ENTRIES SHOWN:
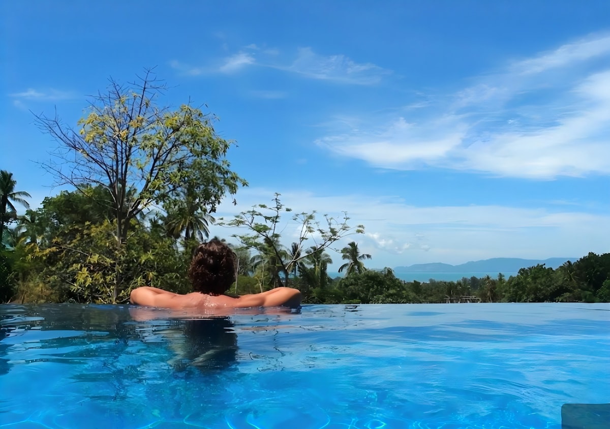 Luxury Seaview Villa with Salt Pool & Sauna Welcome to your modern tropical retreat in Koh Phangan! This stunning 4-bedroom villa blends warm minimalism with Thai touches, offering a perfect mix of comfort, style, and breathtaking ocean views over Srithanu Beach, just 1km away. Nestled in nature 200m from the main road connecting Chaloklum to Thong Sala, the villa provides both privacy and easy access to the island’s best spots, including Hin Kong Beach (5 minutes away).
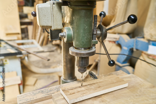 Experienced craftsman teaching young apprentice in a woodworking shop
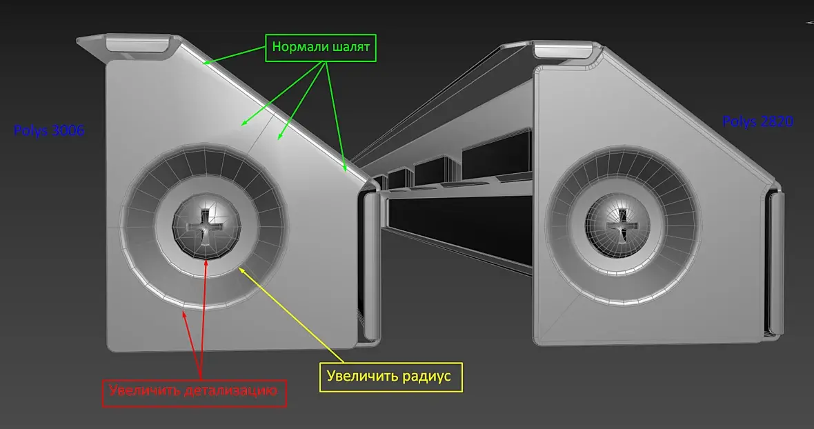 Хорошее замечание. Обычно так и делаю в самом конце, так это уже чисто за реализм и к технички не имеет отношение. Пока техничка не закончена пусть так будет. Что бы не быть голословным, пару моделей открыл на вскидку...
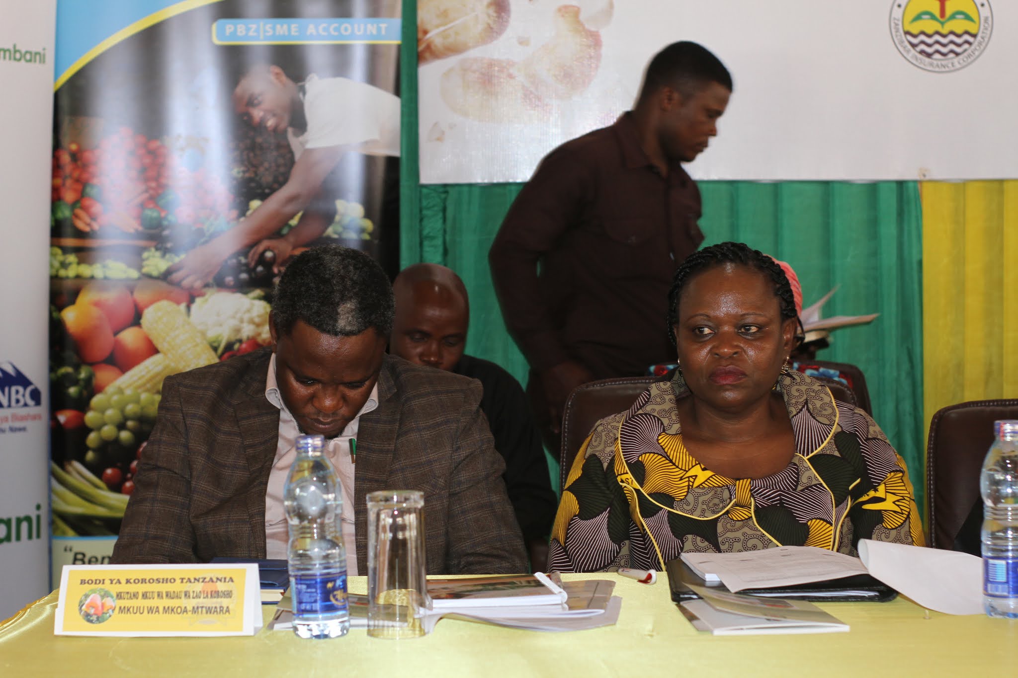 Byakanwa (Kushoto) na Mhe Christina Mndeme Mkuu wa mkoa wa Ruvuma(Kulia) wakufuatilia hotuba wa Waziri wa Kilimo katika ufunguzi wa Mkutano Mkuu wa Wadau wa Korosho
---
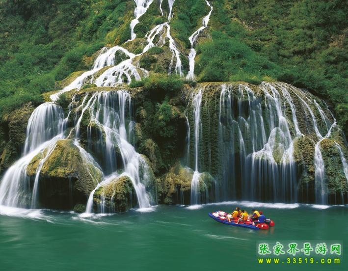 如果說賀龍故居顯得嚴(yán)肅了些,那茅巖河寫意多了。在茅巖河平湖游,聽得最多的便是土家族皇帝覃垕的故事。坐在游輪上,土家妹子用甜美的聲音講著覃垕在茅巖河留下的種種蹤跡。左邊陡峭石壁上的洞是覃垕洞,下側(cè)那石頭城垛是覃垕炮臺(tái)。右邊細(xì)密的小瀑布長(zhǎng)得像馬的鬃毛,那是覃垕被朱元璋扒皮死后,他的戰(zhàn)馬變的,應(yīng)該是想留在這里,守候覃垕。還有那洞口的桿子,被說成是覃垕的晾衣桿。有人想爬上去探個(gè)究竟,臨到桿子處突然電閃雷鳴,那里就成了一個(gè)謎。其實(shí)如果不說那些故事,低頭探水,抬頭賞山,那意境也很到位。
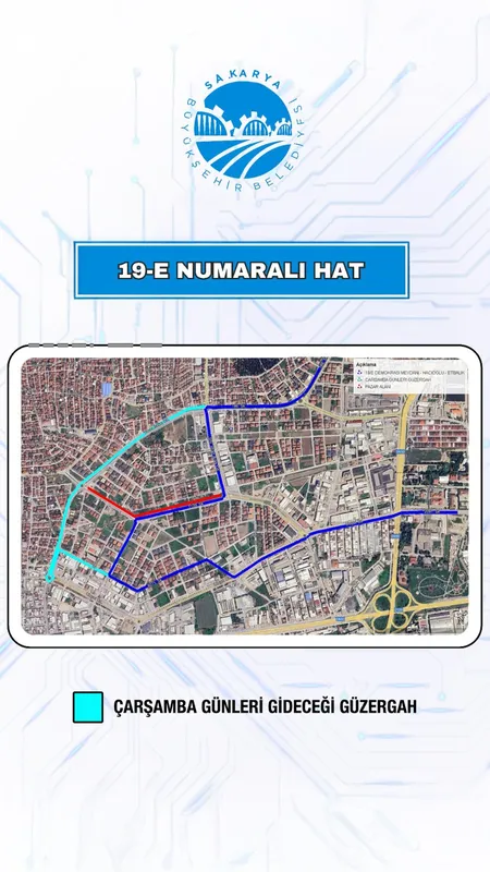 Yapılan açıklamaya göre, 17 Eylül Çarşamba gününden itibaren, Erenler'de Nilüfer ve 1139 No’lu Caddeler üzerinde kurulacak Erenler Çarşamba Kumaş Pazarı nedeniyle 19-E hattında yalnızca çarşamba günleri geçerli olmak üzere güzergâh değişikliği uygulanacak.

AIM OF THE TASK: To complete this exercise, transcribe exactly the lines above from the one that holds "Luxury Seaview Villa" through the one that holds "Хорошее замечание. Обычно". Pictures stay out.

YOUR SOLUTION:
 Luxury Seaview Villa with Salt Pool & Sauna Welcome to your modern tropical retreat in Koh Phangan! This stunning 4-bedroom villa blends warm minimalism with Thai touches, offering a perfect mix of comfort, style, and breathtaking ocean views over Srithanu Beach, just 1km away. Nestled in nature 200m from the main road connecting Chaloklum to Thong Sala, the villa provides both privacy and easy access to the island’s best spots, including Hin Kong Beach (5 minutes away).
 Experienced craftsman teaching young apprentice in a woodworking shop
 Хорошее замечание. Обычно так и делаю в самом конце, так это уже чисто за реализм и к технички не имеет отношение. Пока техничка не закончена пусть так будет. Что бы не быть голословным, пару моделей открыл на вскидку...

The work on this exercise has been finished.